After my father graduated college he worked as a safari guide in Africa where he met my mother, then Laurie Macdonald. My mom was born in Everett, Washington in 1967 and grew up in Marysville with her two brothers, Andrew and John Macdonald. My mom graduated from high school in 1885 and later graduated college from the University of Washington getting a bachelor’s degree in political science. Following her college graduation my mom travelled to Africa where she met my dad on one of his safaris.
My parents were married in 1995. Weddings are always a lot of work but my parents was even more stressful than most. For my father to travel to the United States and marry my mom the legal way he had to have a K-1 visa also known as the finance visa. After filing the correct paperwork with the United States Citizenship and Immigration Services and getting approved for the visa your case is then sent to the United States Embassy in your fiances country. My father’s visa was sent to the U.S. embassy in London but the paperwork sat on someone’s desk for the longest time. It took so long for the papers to be processed that my parents had to postpone their wedding date. My dad had to have a medical examination by an approved doctor where they took his blood as well as a chest x ray. Washington state Senator, Thomas Gordon expedited my father’s visa so that it was processed in time for my parents to have their wedding on their already postponed date.

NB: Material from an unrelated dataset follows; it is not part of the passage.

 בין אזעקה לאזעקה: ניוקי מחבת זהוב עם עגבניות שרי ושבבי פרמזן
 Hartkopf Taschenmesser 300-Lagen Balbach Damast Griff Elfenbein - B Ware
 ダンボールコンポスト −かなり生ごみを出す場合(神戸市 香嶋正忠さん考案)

My dad legally lived in the United States with a green card for the first 15 years. When my father was renewing his green card it was lost in the mail and it was going to cost him another $350 to have a new one sent. Instead of doing that he decided to become a citizen. My father studied for the citizenship test and after passing it paid $600 to become a citizen. A ceremony was held for my father and many other immigrants from all over to the world, they were all proud citizens of the United States of America. When explaining the ceremony
Even before my dad had become a naturalized citizen he still felt like he belonged in the United States. He will always be British but that doesn’t mean he can’t be American too. My father says that he has felt that being from the United Kingdom has been an advantage to him over here. He owns his own company, Marysville Equipment Rental, where he rents heavy machinery. Customers often take interest in his accent and he feels that is something that sets him apart from other rental companies. People are more likely to remember you if you have a special feature like my father has.

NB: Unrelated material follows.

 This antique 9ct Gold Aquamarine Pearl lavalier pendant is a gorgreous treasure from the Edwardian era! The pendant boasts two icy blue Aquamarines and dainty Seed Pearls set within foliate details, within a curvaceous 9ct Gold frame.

Growing up I have seen my father work hard and achieve many goals. “I have never felt disadvantaged about being an immigrant. I might not be able to run for the president but that’s okay! There’s so many freedoms and rights that I have which is the same as the freedom and rights you have from being born here,” he said to me. Immigrants may have the same liberties legally as other native born people but that doesn’t mean they always get the same respect. My father, as well as the rest of my family that immigrated to the United States has been lucky to have been able to fit in so well. Being white immigrants helped my family to blend in better, they may have sounded different than everyone else but they looked the same.